Это мне даже нравится, усмехнулся про себя Каржоль. — Конечно, можно помириться и на Ольге. Тут самая простая логика. То — журавль в небе, а это — синица в руках. Правда, Ольга зла теперь на него, но… тем не менее, она сама же захотела идти за него, даже заставила на себе жениться, — стало быть, как ни как, а все же любит его (так думалось Каржолю), а раз что в ней есть еще это чувство, разве ему будет стоить большого труда оправдаться пред нею, объяснить свои обстоятельства, представить причины своего несчастного бегства из Украинска в «истинном», а не в таком подлом свете, в каком она смотрит на них и на него теперь? И разве он в самом деле так виноват во всей этой истории с Тамарой? — Ведь он же не более как жертва гнусной жидовской интриги, жертва клеветы и мщения родных этой жалкой девочки, — побуждения его были самые чистые и бескорыстные… Ольга смотрит на него сквозь жидовские очки; но когда он объяснит ей наконец всю истину, она поймет, она увидит свое заблуждение и оценит в нем человека, всегда столь ей преданного, никогда не перестававшего любить ее… Да, это все он сумеет сказать и оправдать себя, а там… там уже само время возьмет свое и довершит остальное. И размышляя таким образом, Каржоль слегка покосился на профиль рядом стоявшей Ольги. — «А ведь она, в самом деле, не вредная, даже и теперь!»— лукаво подумалось ему не без плотоядно сластолюбивой arriere-pensee, и тут же вспомнились хорошие минуты их первых таинственных свиданий и восторгов…

Но глядя на Ольгу, Каржоль вдруг почувствовал, что с левой стороны на него пристально уставились и смотрят неотводно чьи-то два посторонние глаза. Он быстро и не без некоторой тревоги перевел взгляд с профиля Ольги в ту сторону, зорко вгляделся в постороннюю фигуру, которой там не было в начале венчания, да вдруг так и обмер, побледнев и конвульсивно сжав свою свечку. На него насмешливо и зло глядели сквозь золотое пенсне удивленные глаза хорошенькой судьихи. Да, это она, — несомненно она стоит и нагло смотрит в упор, точно бы издевается молча над ним и его «интересною» невестой. Что ж это значит? Каким образом она здесь? Кто сказал ей? Кто впустил ее сюда? Зачем, с какой стати?
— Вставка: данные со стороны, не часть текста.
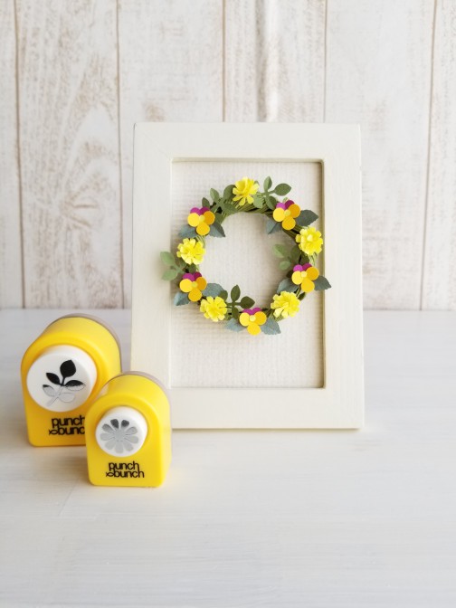 パンチバンチ パンチアートでモッコウバラとビオラのフレームアレンジメント

Встревоженный и сбитый с толку всеми этими, столпившимися в нем, вопросами, Каржоль, недоумевая, обернулся с вопрошающим взглядом назад, на Закаталова, — но что ж это такое? — Закаталов стоит уже не за ним, а несколько в стороне, и с явным самодовольством, весело и точно бы торжествуя, глядит на судьиху. Кто ж, однако, держит вместо него венец? — Граф еще раз нервно оглянулся назад и — о, ужас! — не веря собственным глазам, увидел вдруг мякишеподобную пивоналивную фигуру господина Сычугова. Это уже показалось ему ударом жесточайшей насмешки над собой. — Как! этот самый Сычугов, счастливый рогоносец, которому с такой спокойной совестью, как бы совершая даже нечто должное, он наклеивал его супружескую «прическу», стоит теперь за его спиной, с глупо удивленною и лукаво улыбающейся рожей, и держит в поднятой руке над его головой «эмблему супружеского счастья», точно бы пророча и ему такую же участь в будущем. — Нет, это уже слишком!.. Каржоль невольно и злобно отшатнулся было из-под венца в сторону, но в этот самый миг священник повернулся лицом к нему, взял в епитрахиль его руку, соединил ее с рукою Ольги и повел их вокруг аналоя, подпевая дребезжащим голосом дьячку с пономарем «Исайя ликуяй». Граф шел за ним машинально, как автомат, всецело подавляемый чувством какого-то жгучего, всепроникающего стыда и унижения. Ему казалось, что он должен быть смешон и жалок в эту минуту, как никогда еще в жизни, смешон до последней степени смешного, до крайней оскорбительности. Не помня себя, почти не давая отчета во всем окружающем и происходящем около него, достоял он кое-как до конца обряда. И когда священник, поздравляя молодых, предложил им в заключение поцеловаться между собой, Каржоль, машинально следуя его предложению нагнулся было к лицу Ольги, но та холодно от него отвернулась. Он так и клюнул впустую воздух на несостоявшемся поцелуе, и это сконфузило его еще более. Ольга отошла от него в сторону, к своим, а он между тем все еще продолжал стоять на своем месте, ошеломленный всем случившимся и, с совершенно безразличным, тупым выражением в лице, принимал обращенные к нему поздравления и рукопожатия Сычугова и Закаталова. Подошла к нему и судьиха.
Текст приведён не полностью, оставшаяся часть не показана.